Data for processing:
::::

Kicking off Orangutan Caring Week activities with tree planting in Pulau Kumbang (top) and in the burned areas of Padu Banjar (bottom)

::::

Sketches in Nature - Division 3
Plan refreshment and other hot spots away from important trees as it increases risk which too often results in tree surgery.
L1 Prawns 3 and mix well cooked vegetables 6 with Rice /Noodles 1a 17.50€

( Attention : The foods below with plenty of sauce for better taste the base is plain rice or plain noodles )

::::

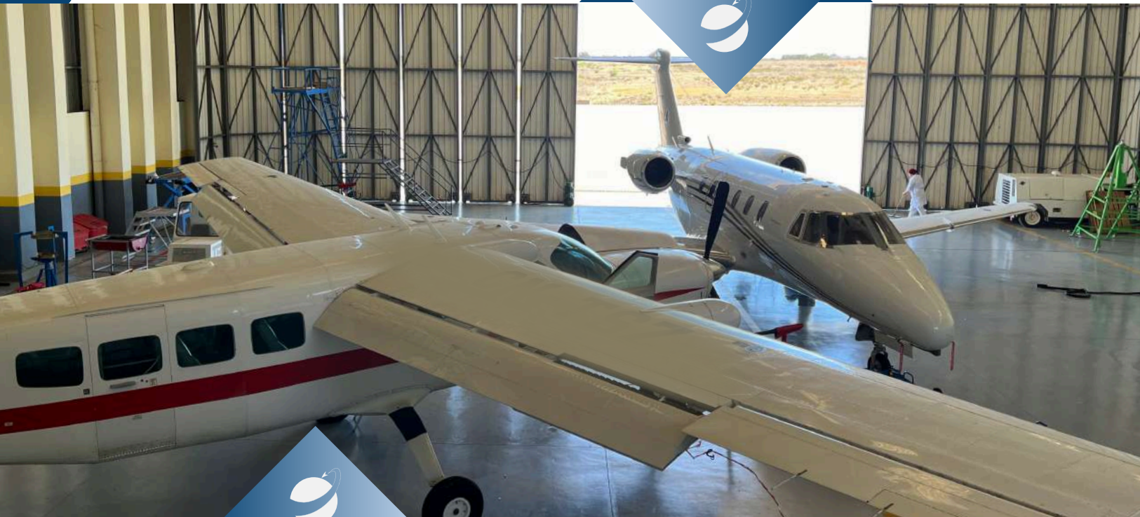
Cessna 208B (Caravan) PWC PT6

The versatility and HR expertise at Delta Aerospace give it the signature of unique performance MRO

::::

Your instructions: For every line in the material above, note whether the word "tree" appears, then state the number of lines where it does and nothing else.

Task output: 2